__PROBLEM DESCRIPTION__
Each entry should be duplicated verbatim; its pictures should not be.

========================

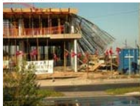
El sector de la construcción es uno de los sectores donde es más necesario el recurso preventivo.

1º. Cuando los riesgos de un proceso o actividad se puedan ver agravados o modificados por la concurrencia de operaciones diversas que se desarrollen sucesiva o simultáneamente.
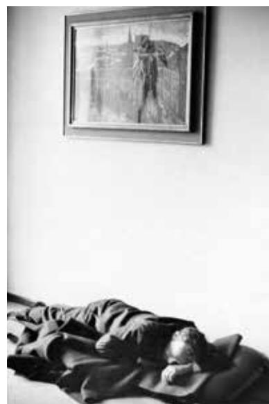
Sovětská vojáci a obrněná technika u budovy Národního shromáždění. V srpnových dnech se spalo, doslova kde a na čem se dalo. Odpočinek v předsíni pracovny předsedy Národního shromáždění.

většina z nich tak činila podle rozkazu nadřízených bez vědomí toho, že pracují proti své vlasti. V rozhovorech s novináři upozorňoval na to, že kolaboranti se znemožnili sami, varoval ovšem před nadměrným užíváním slova kolaborant s tím, že mnoho z pracovníků StB jednalo z nevědomosti. V rozhovoru pro rozhlas jménem branného a bezpečnostního výboru apeloval na příslušníky Státní bezpečnosti slovy, že „každý zvlášť si musí v této chvíli uvědomit svou odpovědnost a uvědomit si to, že náš lid bude naše činy těchto dnů posuzovat přísně [...] a bezpečnostní výbor vám, soudruzi, důvěřuje, že se nepropůjčíte k ničemu, k žádnému činu, za který bychom se museli stydět.“ 29
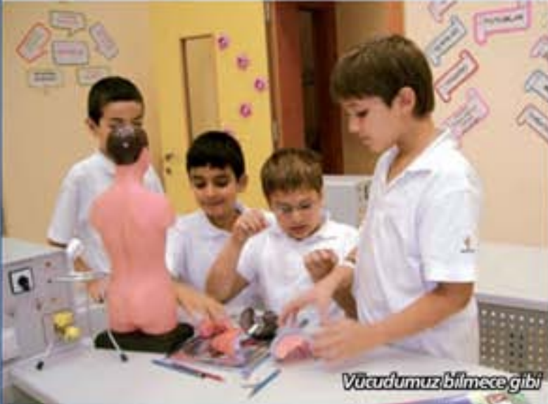
Vücudumuz bilmece gibi

========================

__REPLY__
El sector de la construcción es uno de los sectores donde es más necesario el recurso preventivo.

1º. Cuando los riesgos de un proceso o actividad se puedan ver agravados o modificados por la concurrencia de operaciones diversas que se desarrollen sucesiva o simultáneamente.
Sovětská vojáci a obrněná technika u budovy Národního shromáždění. V srpnových dnech se spalo, doslova kde a na čem se dalo. Odpočinek v předsíni pracovny předsedy Národního shromáždění.

většina z nich tak činila podle rozkazu nadřízených bez vědomí toho, že pracují proti své vlasti. V rozhovorech s novináři upozorňoval na to, že kolaboranti se znemožnili sami, varoval ovšem před nadměrným užíváním slova kolaborant s tím, že mnoho z pracovníků StB jednalo z nevědomosti. V rozhovoru pro rozhlas jménem branného a bezpečnostního výboru apeloval na příslušníky Státní bezpečnosti slovy, že „každý zvlášť si musí v této chvíli uvědomit svou odpovědnost a uvědomit si to, že náš lid bude naše činy těchto dnů posuzovat přísně [...] a bezpečnostní výbor vám, soudruzi, důvěřuje, že se nepropůjčíte k ničemu, k žádnému činu, za který bychom se museli stydět.“ 29
Vücudumuz bilmece gibi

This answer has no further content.